══ Supplied records
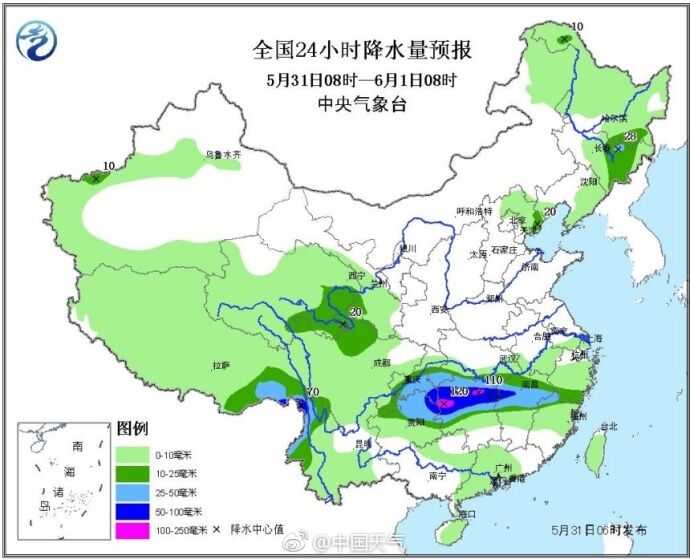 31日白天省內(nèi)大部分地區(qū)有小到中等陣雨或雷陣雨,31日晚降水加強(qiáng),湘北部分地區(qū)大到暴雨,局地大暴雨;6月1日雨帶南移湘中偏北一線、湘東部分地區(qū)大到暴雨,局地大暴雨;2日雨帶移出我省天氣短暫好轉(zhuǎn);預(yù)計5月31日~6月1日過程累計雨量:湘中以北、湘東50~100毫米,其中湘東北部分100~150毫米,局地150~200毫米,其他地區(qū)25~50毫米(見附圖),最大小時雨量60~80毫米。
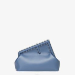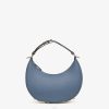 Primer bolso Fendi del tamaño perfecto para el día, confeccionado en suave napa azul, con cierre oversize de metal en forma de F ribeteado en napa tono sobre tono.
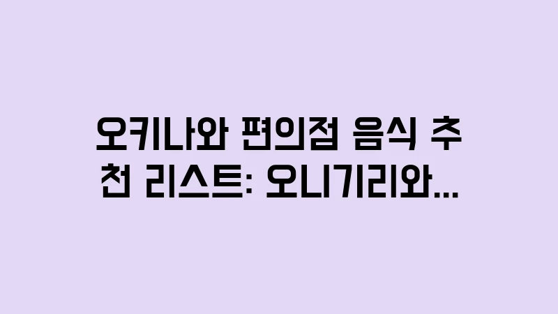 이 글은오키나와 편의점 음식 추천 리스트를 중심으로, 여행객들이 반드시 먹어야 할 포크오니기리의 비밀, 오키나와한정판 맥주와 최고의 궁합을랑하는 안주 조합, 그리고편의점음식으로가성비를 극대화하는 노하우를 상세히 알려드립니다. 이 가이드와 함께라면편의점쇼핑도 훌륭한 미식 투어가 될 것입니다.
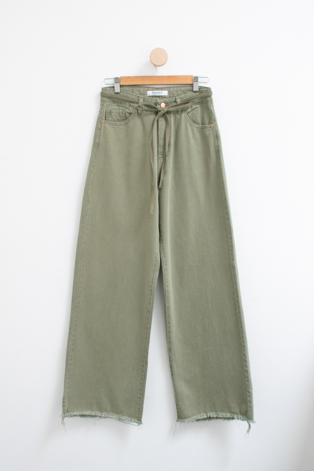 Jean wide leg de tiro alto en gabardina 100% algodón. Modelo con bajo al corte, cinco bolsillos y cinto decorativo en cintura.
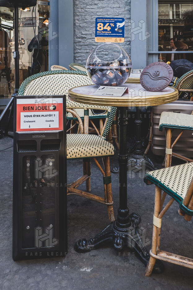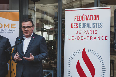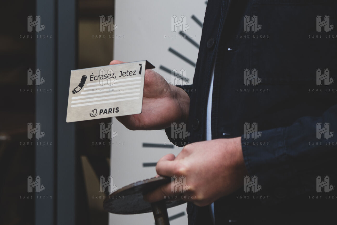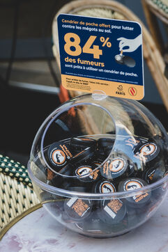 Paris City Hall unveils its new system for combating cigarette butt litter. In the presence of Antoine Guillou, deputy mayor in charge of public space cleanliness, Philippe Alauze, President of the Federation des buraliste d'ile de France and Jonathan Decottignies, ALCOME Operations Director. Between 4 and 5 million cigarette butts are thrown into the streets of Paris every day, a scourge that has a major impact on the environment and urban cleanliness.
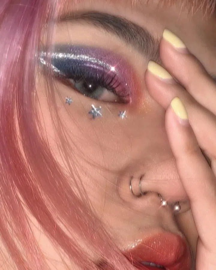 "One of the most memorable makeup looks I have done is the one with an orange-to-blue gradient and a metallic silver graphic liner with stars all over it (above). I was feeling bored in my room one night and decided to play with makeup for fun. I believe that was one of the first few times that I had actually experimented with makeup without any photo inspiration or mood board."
════
══ Supplied records
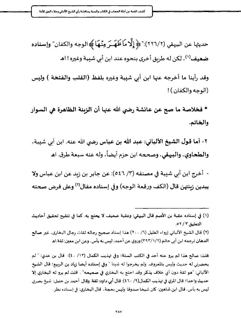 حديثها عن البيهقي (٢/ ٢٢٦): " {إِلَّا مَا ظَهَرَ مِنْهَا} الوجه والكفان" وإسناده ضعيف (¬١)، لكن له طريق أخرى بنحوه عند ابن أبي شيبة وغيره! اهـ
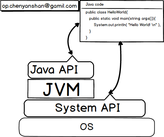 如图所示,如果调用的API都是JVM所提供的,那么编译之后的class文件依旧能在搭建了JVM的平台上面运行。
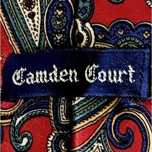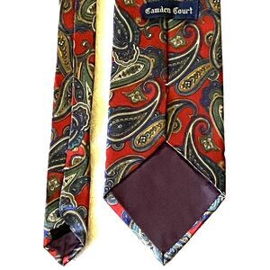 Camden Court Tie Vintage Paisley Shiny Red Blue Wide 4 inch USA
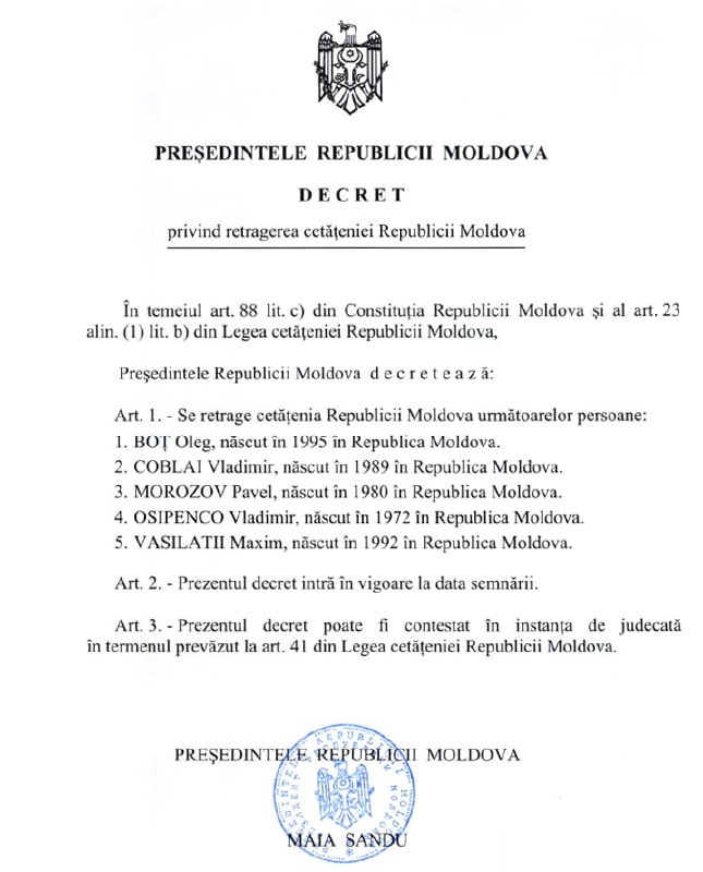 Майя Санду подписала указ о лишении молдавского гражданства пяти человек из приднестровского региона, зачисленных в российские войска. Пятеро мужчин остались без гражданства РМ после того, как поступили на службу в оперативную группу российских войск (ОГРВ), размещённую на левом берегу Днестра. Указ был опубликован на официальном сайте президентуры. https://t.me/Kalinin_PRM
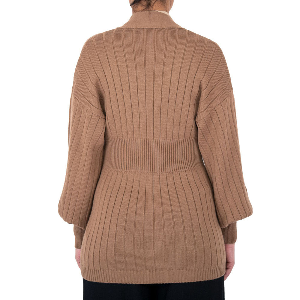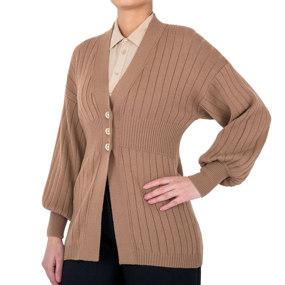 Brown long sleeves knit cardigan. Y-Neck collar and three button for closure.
════
• _Exercise_
Exactly the lines starting at the one above with "31日白天省內(nèi)大部" and ending at the one with "Jean wide leg" should be printed, and nothing else. Omit the pictures.

• _Completed exercise_
 31日白天省內(nèi)大部分地區(qū)有小到中等陣雨或雷陣雨,31日晚降水加強(qiáng),湘北部分地區(qū)大到暴雨,局地大暴雨;6月1日雨帶南移湘中偏北一線、湘東部分地區(qū)大到暴雨,局地大暴雨;2日雨帶移出我省天氣短暫好轉(zhuǎn);預(yù)計5月31日~6月1日過程累計雨量:湘中以北、湘東50~100毫米,其中湘東北部分100~150毫米,局地150~200毫米,其他地區(qū)25~50毫米(見附圖),最大小時雨量60~80毫米。
 Primer bolso Fendi del tamaño perfecto para el día, confeccionado en suave napa azul, con cierre oversize de metal en forma de F ribeteado en napa tono sobre tono.
 이 글은오키나와 편의점 음식 추천 리스트를 중심으로, 여행객들이 반드시 먹어야 할 포크오니기리의 비밀, 오키나와한정판 맥주와 최고의 궁합을랑하는 안주 조합, 그리고편의점음식으로가성비를 극대화하는 노하우를 상세히 알려드립니다. 이 가이드와 함께라면편의점쇼핑도 훌륭한 미식 투어가 될 것입니다.
 Jean wide leg de tiro alto en gabardina 100% algodón. Modelo con bajo al corte, cinco bolsillos y cinto decorativo en cintura.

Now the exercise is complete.